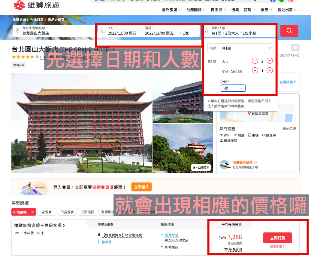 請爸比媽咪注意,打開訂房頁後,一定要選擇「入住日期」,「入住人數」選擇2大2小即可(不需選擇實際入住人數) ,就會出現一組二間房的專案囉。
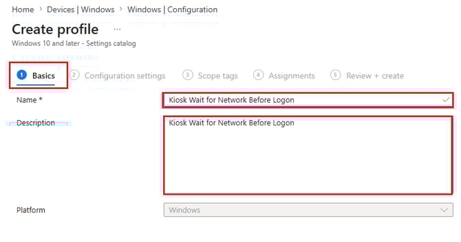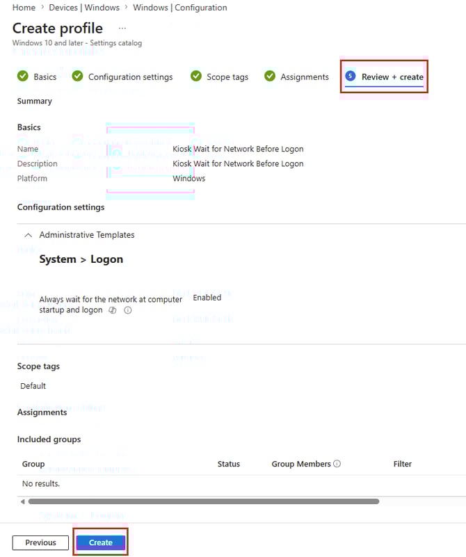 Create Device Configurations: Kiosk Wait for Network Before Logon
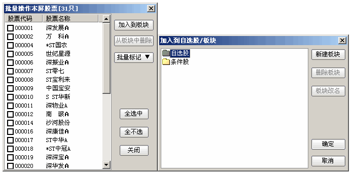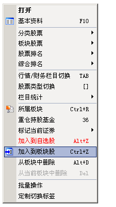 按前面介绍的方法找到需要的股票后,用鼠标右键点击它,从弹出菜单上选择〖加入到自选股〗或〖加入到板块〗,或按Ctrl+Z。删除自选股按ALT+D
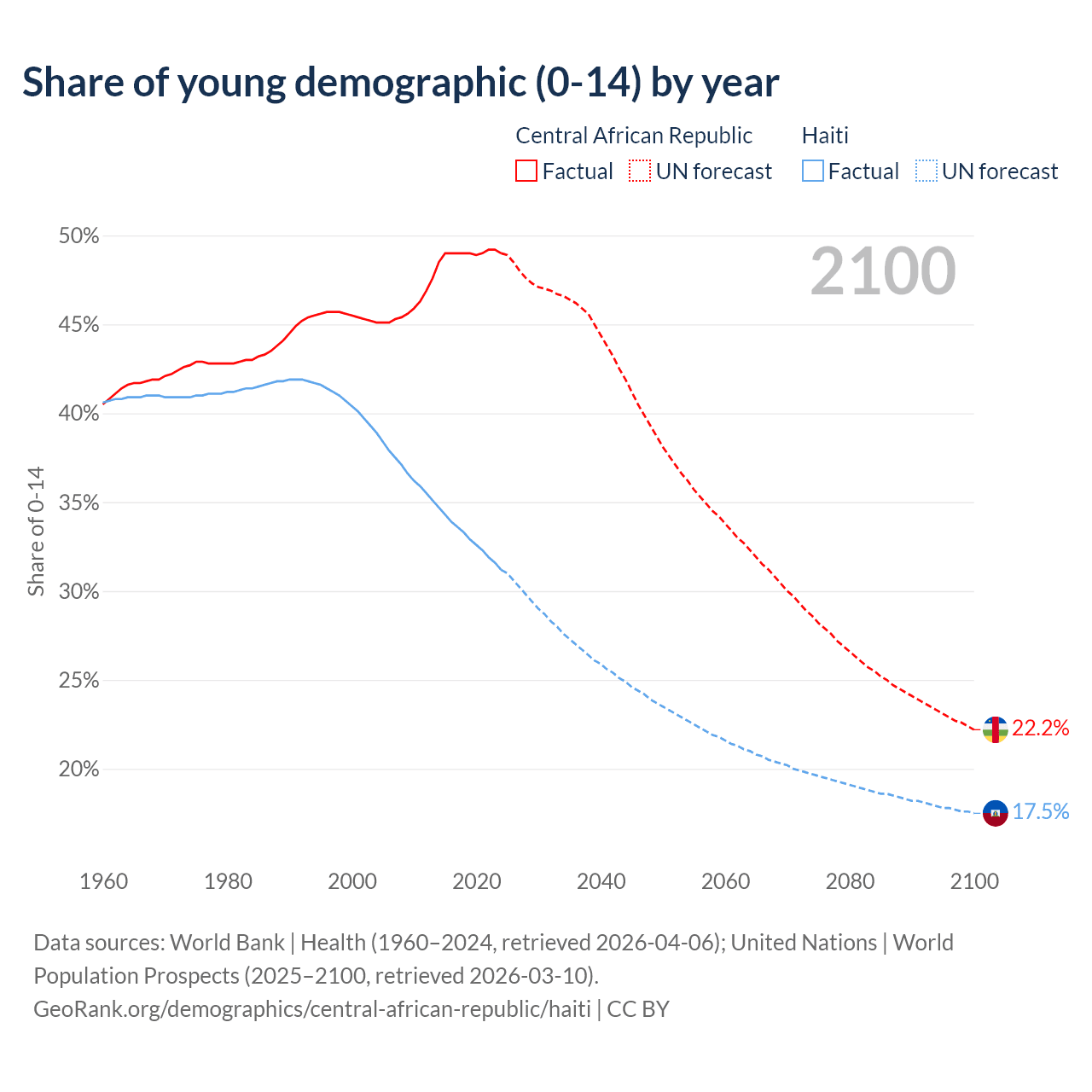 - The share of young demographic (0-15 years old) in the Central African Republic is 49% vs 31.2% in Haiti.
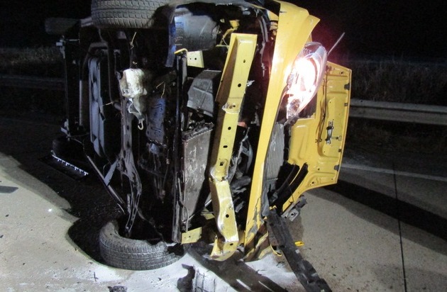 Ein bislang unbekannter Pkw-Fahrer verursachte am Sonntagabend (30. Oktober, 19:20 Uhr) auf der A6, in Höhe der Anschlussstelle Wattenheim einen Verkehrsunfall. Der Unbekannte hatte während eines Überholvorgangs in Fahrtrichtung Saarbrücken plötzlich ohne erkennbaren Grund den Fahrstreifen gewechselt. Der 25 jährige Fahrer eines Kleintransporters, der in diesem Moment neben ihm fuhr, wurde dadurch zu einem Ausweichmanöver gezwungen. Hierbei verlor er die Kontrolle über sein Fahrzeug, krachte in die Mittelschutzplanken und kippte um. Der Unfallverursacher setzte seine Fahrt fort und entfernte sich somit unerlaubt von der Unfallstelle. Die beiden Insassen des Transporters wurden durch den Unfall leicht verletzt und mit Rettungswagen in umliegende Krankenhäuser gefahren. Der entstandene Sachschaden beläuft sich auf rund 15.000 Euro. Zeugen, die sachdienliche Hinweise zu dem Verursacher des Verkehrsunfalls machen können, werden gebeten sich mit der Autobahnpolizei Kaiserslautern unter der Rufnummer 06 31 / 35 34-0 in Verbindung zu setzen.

▶ [WORK REQUIRED]:
Using the records above, extract exactly and only the lines from the one with "按前面介绍的方法找到需要的股" through the final line, inclusive, leaving out pictures.

▶ [TASK RESULT]:
 按前面介绍的方法找到需要的股票后,用鼠标右键点击它,从弹出菜单上选择〖加入到自选股〗或〖加入到板块〗,或按Ctrl+Z。删除自选股按ALT+D
 - The share of young demographic (0-15 years old) in the Central African Republic is 49% vs 31.2% in Haiti.
 Ein bislang unbekannter Pkw-Fahrer verursachte am Sonntagabend (30. Oktober, 19:20 Uhr) auf der A6, in Höhe der Anschlussstelle Wattenheim einen Verkehrsunfall. Der Unbekannte hatte während eines Überholvorgangs in Fahrtrichtung Saarbrücken plötzlich ohne erkennbaren Grund den Fahrstreifen gewechselt. Der 25 jährige Fahrer eines Kleintransporters, der in diesem Moment neben ihm fuhr, wurde dadurch zu einem Ausweichmanöver gezwungen. Hierbei verlor er die Kontrolle über sein Fahrzeug, krachte in die Mittelschutzplanken und kippte um. Der Unfallverursacher setzte seine Fahrt fort und entfernte sich somit unerlaubt von der Unfallstelle. Die beiden Insassen des Transporters wurden durch den Unfall leicht verletzt und mit Rettungswagen in umliegende Krankenhäuser gefahren. Der entstandene Sachschaden beläuft sich auf rund 15.000 Euro. Zeugen, die sachdienliche Hinweise zu dem Verursacher des Verkehrsunfalls machen können, werden gebeten sich mit der Autobahnpolizei Kaiserslautern unter der Rufnummer 06 31 / 35 34-0 in Verbindung zu setzen.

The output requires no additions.